The Last Mystery of the Financial Crisis
It’s long been suspected that ratings agencies like Moody’s and Standard & Poor’s helped trigger the meltdown. A new trove of embarrassing documents shows how they did it
http://www.rollingstone.com/politics/news/the-last-mystery-of-the-financial-crisis-20130619
In this case, the sausage was chock full of e. coli and we all got violently sick. But hey! Look over there! The problem is immigrants, the poor, terrorists (especially terrorists!), not the financial industry which has done more damage to the US (and world!) economy than 100 9/11s. Ignore the man behind the curtain!

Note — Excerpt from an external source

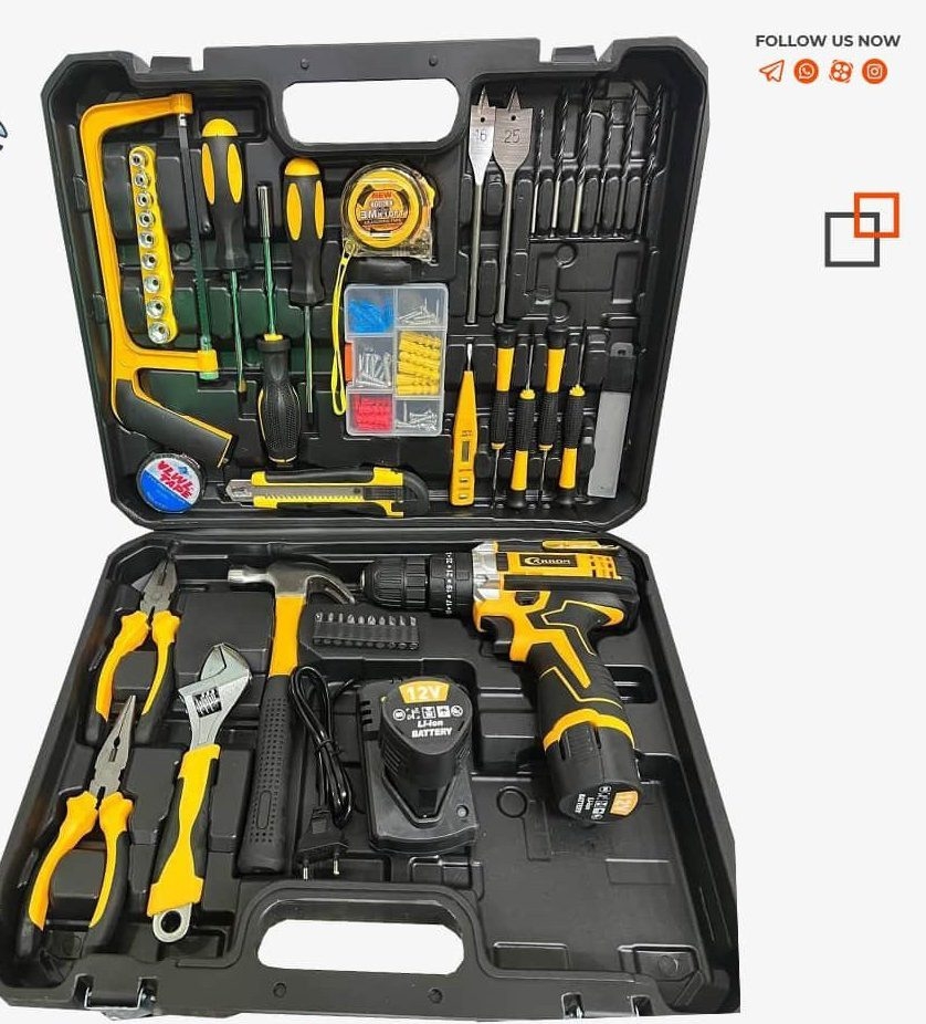جعبه ابزار و دریل شارژی (کیت کامل) 100عددی کربن مدل pc-100kit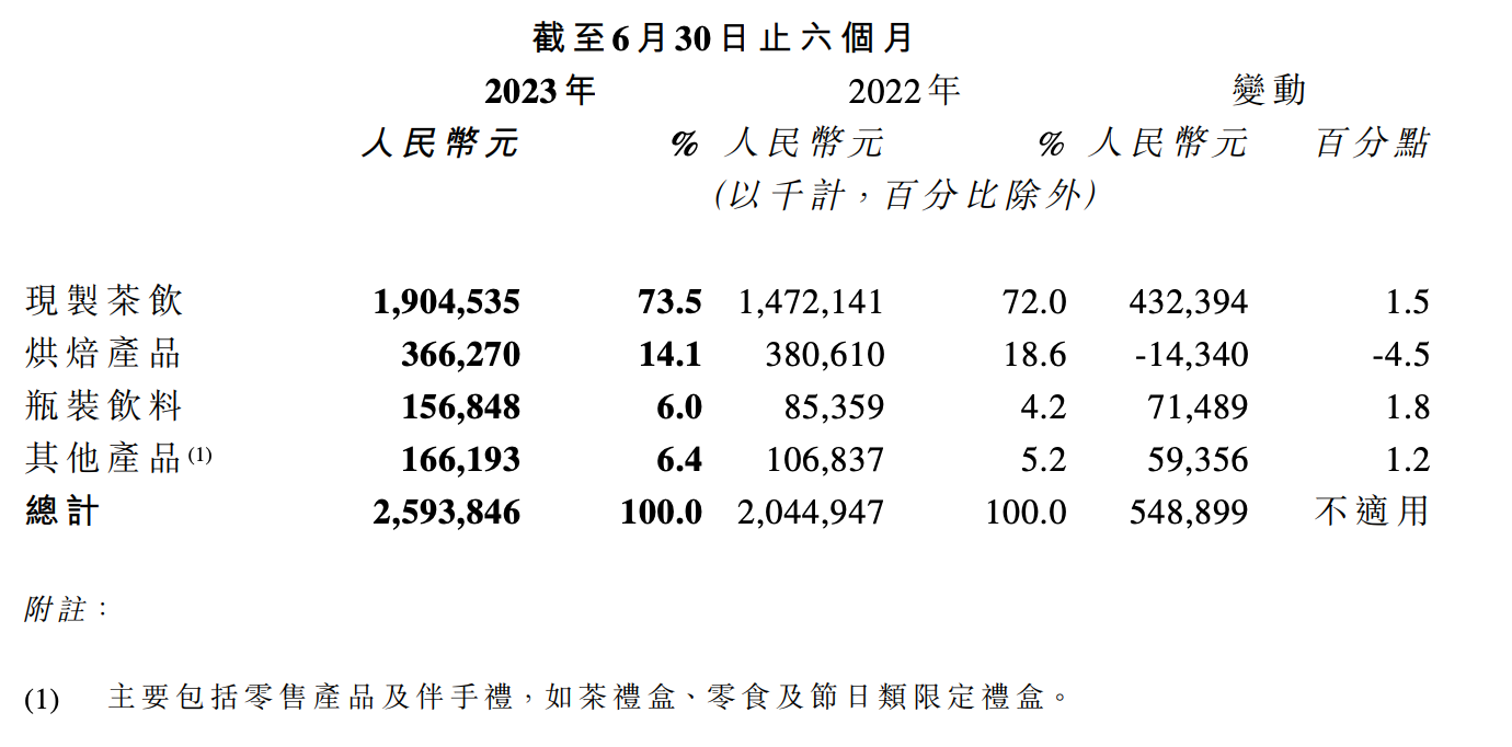 2023年中报显示,截至6月30日,奈雪的茶瓶装饮料与包括零售产品及伴手礼在内的其他产品,营收占比为6%与6.4%,同比上升1.8%与1.2%。而2022年全年,奈雪的茶瓶装饮料、茶礼盒、零食及节日类限定礼盒等业务的营收占比则同比增长5%。

Rhinebridge, cheyne and a hell of a lot of other subprime investments ultimately blew to smithereens, taking with them vast amounts of cash – 40 percent of the world’s wealth was wiped out in the aftermath of the mortgage bubble, according to some estimates. 2008 was to the American economy what 9/11 was to national security. Yet while 9/11 prompted the U.S. government to tear up half the Constitution in the name of public safety, after 2008, authorities went in the other direction. If you can imagine a post-9/11 scenario where there were no metal detectors at airports and people could walk on carrying chain saws and meat cleavers, you get a rough idea of what was done to reform the ratings process.
Also of great interest to me is this bit:
‘You F–ked Up, You Trusted Us’: Talking Ratings Agencies With Chris Hayes
http://www.rollingstone.com/politics/blogs/taibblog/you-f-ked-up-you-trusted-us-talking-ratings-agencies-with-chris-hayes-20130621
where there is talk about how the rating agency’s statements about “objectivity, integrity and independence.” were basically just marketing material and thus should be totally ignored:
In that case, the Second Circuit ruled that the plaintiffs suing S&P could not make a fraud claim based upon the company’s reassurances in its Code of Conduct of its “objectivity, integrity and independence.”
Moreover, the Court said, plaintiffs could not make a claim based on a public statement by S&P touting its “credibility and reliability,” or another saying, “[S&P] has a longstanding commitment to ensuring that any potential conflicts of interest do not compromise its analytical independence.”
Why, you might ask, could one not make a fraud claim based upon those statements? Because, the Second Circuit ruled, those statements were transparently not meant to be taken seriously. The following passage is a summary written by S&P’s own lawyers describing the Second Circuit ruling (emphasis mine):
The Second Circuit affirmed the district court’s dismissal of the plaintiffs’ claims in their entirety, finding that the statements concerning the “integrity and credibility and the objectivity of S&P’s credit ratings” were exactly “the type of mere ‘puffery’ that we have previously held not to be actionable.”
More from that same memo from S&P’s lawyers:
The Court found . . . that “generalizations about [S&P’s] business practices and integrity” were “so generalized that a reasonable investor would not depend on [those statements]. . . .”
Because S&P’s statements about its objectivity, independence and integrity are the sort of vague, general statements that courts both within and outside this Circuit have found insufficient to support a fraud action, the Government’s first “alleged scheme to defraud” fails.
Our own courts are against us. You are either on the gravy train or you are in the gravy, there is no place else to go!